▸ Task objective: Exactly reproduce the line containing "Apple provides an" and all later lines to the end of the entries, leaving the pictures out of your copy.
[Data for this task — start]
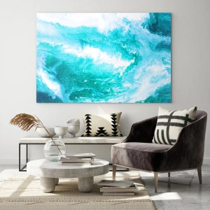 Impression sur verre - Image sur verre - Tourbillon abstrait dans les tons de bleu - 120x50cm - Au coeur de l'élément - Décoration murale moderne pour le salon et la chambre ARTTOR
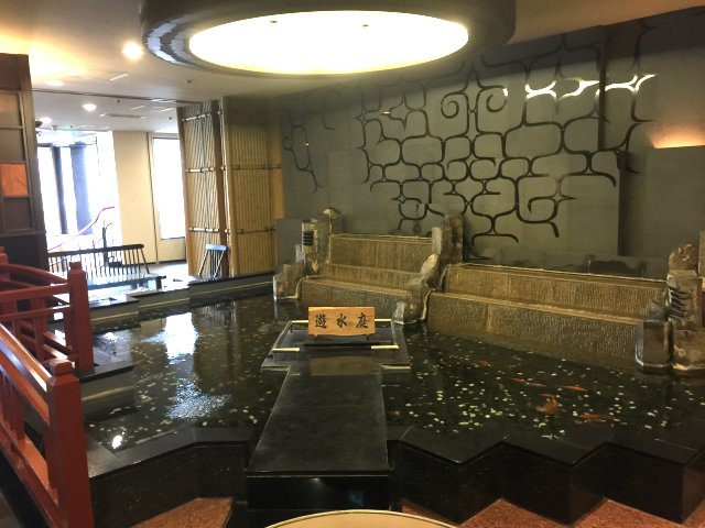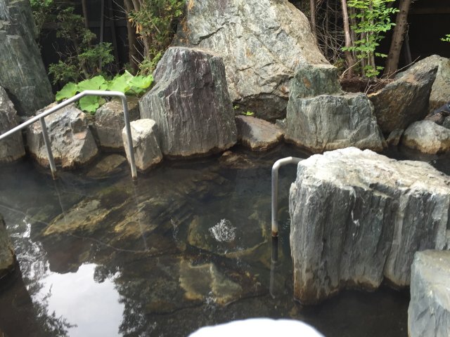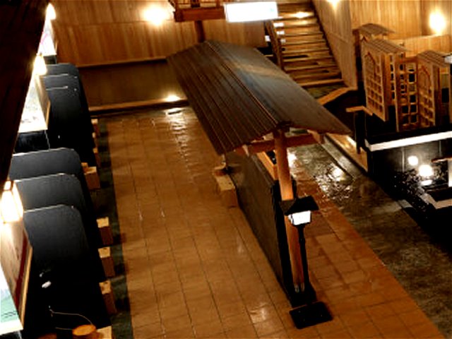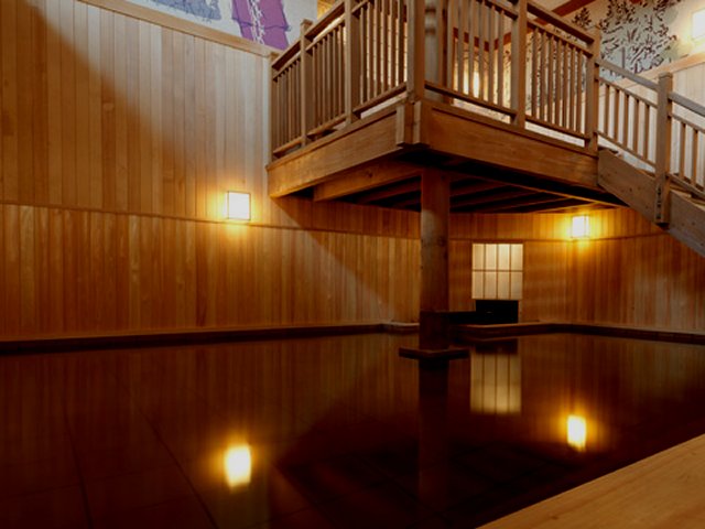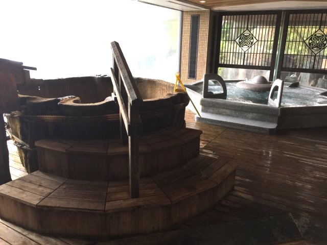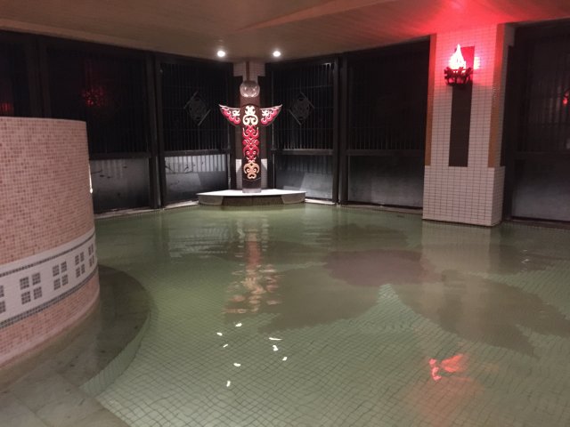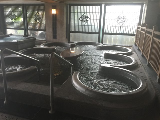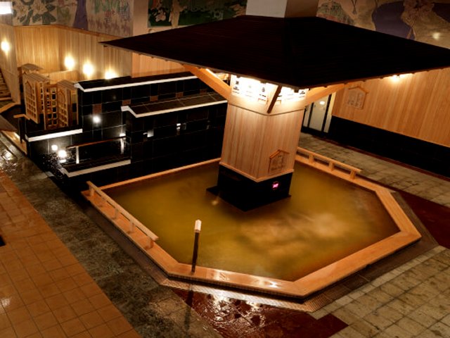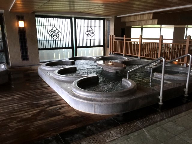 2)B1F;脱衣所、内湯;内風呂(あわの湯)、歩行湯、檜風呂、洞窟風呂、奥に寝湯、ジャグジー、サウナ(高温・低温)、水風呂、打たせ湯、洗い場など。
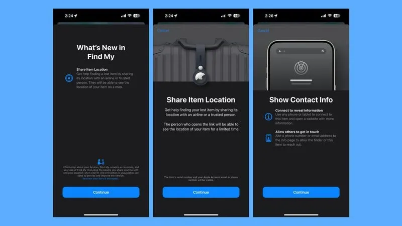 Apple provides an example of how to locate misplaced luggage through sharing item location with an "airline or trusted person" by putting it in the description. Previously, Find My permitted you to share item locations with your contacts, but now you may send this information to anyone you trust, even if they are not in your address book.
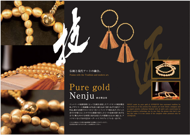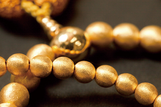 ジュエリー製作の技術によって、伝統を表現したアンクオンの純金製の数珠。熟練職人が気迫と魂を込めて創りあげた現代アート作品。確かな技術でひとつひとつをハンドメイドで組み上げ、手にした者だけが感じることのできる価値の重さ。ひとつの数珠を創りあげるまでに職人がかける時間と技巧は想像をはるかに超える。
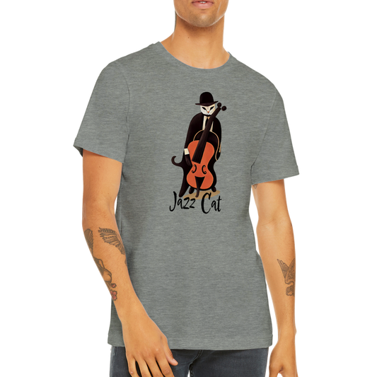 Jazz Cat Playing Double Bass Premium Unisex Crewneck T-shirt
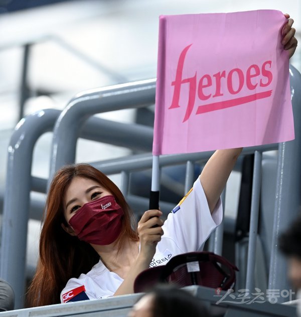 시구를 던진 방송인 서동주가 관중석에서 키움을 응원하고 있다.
[Data for this task — finish]
▸ Written response:
 Apple provides an example of how to locate misplaced luggage through sharing item location with an "airline or trusted person" by putting it in the description. Previously, Find My permitted you to share item locations with your contacts, but now you may send this information to anyone you trust, even if they are not in your address book.
 ジュエリー製作の技術によって、伝統を表現したアンクオンの純金製の数珠。熟練職人が気迫と魂を込めて創りあげた現代アート作品。確かな技術でひとつひとつをハンドメイドで組み上げ、手にした者だけが感じることのできる価値の重さ。ひとつの数珠を創りあげるまでに職人がかける時間と技巧は想像をはるかに超える。
 Jazz Cat Playing Double Bass Premium Unisex Crewneck T-shirt
 시구를 던진 방송인 서동주가 관중석에서 키움을 응원하고 있다.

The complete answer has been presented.